YOUR GOAL
Below is a listing; print exactly its lines from the one containing "Vehicle registration plates" down to the one containing "사진. <ⓒ미디어타임즈> |", both inclusive, with every picture left out.

GIVEN INFORMATION
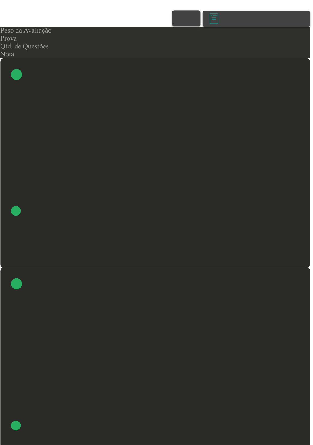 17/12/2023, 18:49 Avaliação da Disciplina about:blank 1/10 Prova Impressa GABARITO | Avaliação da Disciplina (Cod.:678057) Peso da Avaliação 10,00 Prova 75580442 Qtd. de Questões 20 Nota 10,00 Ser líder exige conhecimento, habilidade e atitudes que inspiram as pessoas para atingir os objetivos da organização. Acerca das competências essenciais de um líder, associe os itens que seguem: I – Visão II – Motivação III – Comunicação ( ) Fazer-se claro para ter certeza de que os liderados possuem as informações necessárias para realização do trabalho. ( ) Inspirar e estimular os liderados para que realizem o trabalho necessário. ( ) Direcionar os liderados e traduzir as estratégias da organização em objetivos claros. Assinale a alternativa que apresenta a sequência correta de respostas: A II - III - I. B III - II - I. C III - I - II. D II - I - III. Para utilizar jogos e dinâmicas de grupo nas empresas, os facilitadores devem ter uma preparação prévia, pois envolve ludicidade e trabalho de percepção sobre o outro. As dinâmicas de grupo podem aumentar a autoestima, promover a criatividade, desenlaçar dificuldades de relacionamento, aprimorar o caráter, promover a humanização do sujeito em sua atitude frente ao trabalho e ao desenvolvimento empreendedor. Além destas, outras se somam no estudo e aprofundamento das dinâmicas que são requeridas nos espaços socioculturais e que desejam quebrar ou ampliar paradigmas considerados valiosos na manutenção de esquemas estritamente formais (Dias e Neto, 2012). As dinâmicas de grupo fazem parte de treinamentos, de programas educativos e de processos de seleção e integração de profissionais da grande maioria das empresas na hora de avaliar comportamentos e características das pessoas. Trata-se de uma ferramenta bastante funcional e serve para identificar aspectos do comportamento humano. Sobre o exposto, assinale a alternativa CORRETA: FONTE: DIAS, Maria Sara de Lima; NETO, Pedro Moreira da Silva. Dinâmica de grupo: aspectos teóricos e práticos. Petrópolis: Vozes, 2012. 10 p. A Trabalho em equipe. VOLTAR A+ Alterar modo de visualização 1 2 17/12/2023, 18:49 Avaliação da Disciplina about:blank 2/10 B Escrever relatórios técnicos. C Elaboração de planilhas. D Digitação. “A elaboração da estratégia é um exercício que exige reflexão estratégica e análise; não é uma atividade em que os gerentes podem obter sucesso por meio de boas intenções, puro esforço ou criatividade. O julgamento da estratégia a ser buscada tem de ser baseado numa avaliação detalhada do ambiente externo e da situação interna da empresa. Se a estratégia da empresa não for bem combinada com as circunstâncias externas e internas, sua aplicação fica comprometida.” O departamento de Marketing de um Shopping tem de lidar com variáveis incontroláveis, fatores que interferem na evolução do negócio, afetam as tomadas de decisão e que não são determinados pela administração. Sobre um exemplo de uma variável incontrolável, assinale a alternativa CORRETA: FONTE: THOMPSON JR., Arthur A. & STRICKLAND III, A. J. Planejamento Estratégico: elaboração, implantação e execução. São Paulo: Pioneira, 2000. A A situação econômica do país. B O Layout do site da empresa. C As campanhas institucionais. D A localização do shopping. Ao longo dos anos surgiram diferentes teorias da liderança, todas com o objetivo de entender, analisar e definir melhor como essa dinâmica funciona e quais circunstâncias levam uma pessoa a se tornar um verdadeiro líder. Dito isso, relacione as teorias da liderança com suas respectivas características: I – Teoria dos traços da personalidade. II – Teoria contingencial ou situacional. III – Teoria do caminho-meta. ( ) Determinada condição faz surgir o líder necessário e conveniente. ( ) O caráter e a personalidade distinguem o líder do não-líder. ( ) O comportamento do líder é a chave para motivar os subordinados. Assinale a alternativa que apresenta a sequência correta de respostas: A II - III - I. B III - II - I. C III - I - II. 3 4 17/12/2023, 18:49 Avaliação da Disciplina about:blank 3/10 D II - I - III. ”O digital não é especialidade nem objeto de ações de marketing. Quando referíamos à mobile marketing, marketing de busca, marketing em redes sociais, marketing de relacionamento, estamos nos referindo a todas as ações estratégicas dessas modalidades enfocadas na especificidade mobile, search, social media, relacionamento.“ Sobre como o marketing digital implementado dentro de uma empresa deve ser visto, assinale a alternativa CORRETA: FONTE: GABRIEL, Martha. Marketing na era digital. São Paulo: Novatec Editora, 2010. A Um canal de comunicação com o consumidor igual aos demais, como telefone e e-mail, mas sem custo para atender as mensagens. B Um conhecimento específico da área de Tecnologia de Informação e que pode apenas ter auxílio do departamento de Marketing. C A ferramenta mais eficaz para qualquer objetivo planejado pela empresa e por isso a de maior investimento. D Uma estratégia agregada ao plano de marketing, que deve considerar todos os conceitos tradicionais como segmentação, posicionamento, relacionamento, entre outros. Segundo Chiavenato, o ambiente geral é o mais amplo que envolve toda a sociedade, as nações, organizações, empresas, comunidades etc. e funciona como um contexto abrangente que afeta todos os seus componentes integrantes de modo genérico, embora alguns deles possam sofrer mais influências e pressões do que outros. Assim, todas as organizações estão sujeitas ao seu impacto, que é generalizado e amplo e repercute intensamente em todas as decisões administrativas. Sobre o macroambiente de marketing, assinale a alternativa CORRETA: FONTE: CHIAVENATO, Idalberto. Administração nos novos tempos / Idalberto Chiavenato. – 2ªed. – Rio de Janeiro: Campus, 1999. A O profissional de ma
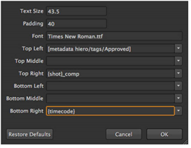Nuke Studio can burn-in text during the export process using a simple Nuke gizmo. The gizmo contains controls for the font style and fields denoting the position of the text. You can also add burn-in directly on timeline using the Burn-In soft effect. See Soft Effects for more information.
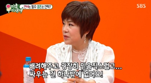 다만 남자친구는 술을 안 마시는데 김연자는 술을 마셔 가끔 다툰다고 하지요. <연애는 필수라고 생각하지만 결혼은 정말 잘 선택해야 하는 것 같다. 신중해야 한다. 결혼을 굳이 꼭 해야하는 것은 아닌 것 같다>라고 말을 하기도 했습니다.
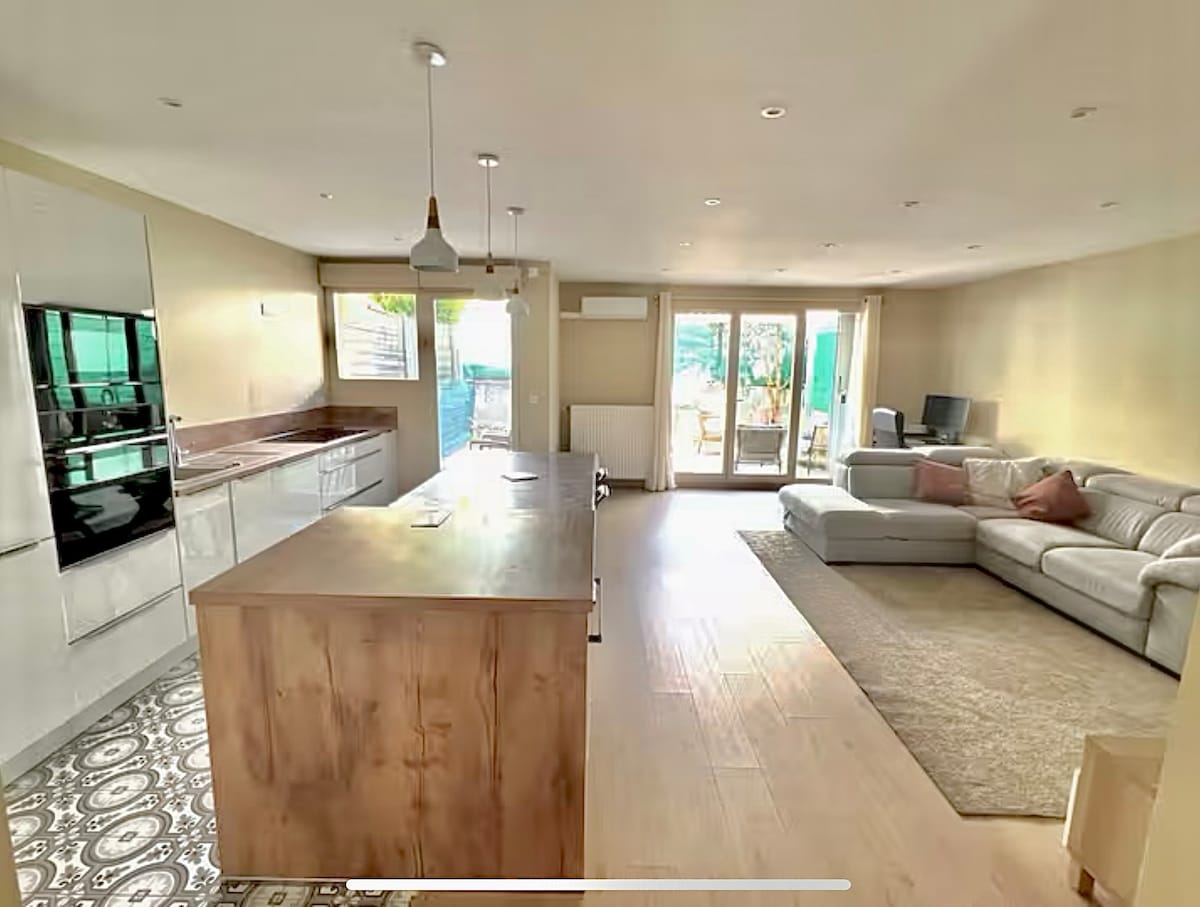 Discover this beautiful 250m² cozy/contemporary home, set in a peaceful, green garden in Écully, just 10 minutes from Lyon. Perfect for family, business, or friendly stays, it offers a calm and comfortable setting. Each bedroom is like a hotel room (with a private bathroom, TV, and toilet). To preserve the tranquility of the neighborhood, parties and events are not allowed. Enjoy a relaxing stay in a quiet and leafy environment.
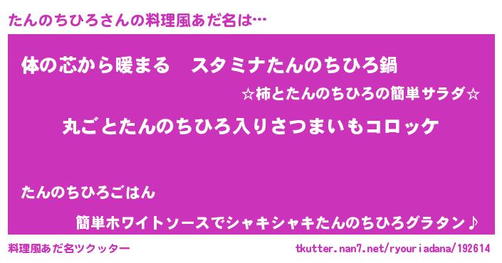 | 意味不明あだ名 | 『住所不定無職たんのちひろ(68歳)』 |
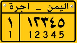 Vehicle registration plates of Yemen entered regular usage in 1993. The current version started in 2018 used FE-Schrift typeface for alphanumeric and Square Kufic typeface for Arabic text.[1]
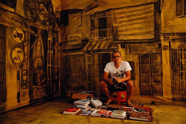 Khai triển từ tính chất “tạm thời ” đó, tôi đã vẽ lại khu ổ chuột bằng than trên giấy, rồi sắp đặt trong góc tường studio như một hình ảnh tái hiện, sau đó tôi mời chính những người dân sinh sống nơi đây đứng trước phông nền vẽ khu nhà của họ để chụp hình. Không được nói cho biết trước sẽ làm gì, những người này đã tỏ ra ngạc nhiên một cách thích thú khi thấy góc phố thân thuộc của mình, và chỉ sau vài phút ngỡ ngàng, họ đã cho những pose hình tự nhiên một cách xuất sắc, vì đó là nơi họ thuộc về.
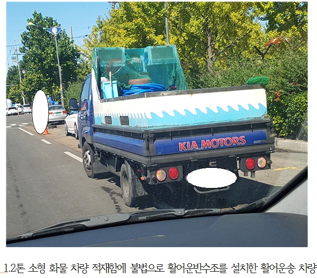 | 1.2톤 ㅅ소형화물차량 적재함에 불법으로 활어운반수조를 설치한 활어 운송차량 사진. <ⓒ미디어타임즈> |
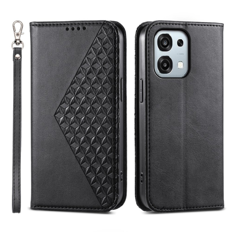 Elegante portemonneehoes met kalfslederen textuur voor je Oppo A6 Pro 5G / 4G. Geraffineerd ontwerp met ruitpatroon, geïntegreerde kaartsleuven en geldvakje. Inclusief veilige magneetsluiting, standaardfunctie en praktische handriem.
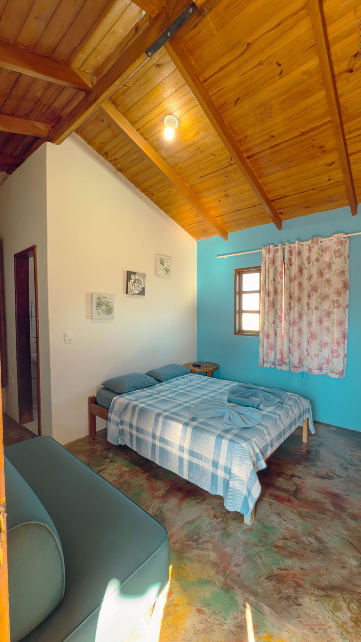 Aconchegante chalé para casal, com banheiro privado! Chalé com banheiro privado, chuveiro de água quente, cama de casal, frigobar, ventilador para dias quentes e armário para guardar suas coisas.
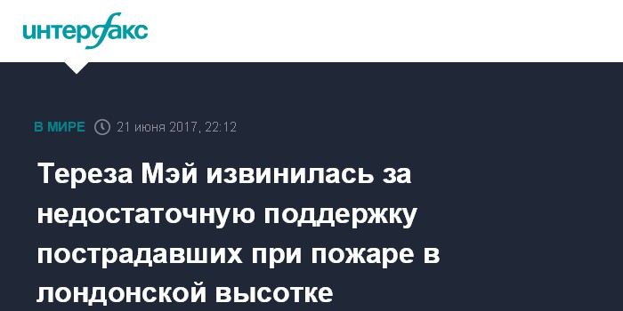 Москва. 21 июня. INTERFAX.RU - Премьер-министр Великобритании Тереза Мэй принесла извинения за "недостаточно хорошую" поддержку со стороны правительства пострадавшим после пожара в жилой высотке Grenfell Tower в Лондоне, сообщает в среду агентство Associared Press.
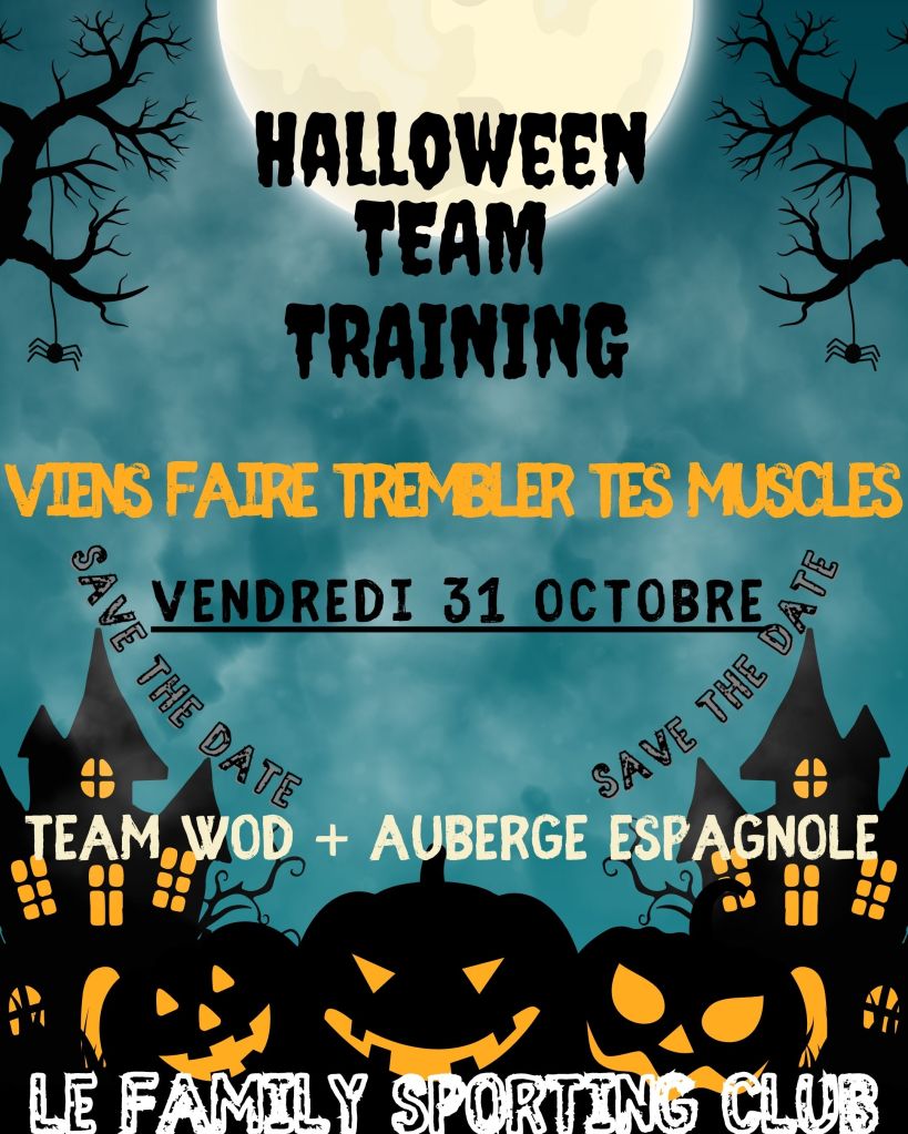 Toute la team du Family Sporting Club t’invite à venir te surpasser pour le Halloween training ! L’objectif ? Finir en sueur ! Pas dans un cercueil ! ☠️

ANSWER
 Vehicle registration plates of Yemen entered regular usage in 1993. The current version started in 2018 used FE-Schrift typeface for alphanumeric and Square Kufic typeface for Arabic text.[1]
 Khai triển từ tính chất “tạm thời ” đó, tôi đã vẽ lại khu ổ chuột bằng than trên giấy, rồi sắp đặt trong góc tường studio như một hình ảnh tái hiện, sau đó tôi mời chính những người dân sinh sống nơi đây đứng trước phông nền vẽ khu nhà của họ để chụp hình. Không được nói cho biết trước sẽ làm gì, những người này đã tỏ ra ngạc nhiên một cách thích thú khi thấy góc phố thân thuộc của mình, và chỉ sau vài phút ngỡ ngàng, họ đã cho những pose hình tự nhiên một cách xuất sắc, vì đó là nơi họ thuộc về.
 | 1.2톤 ㅅ소형화물차량 적재함에 불법으로 활어운반수조를 설치한 활어 운송차량 사진. <ⓒ미디어타임즈> |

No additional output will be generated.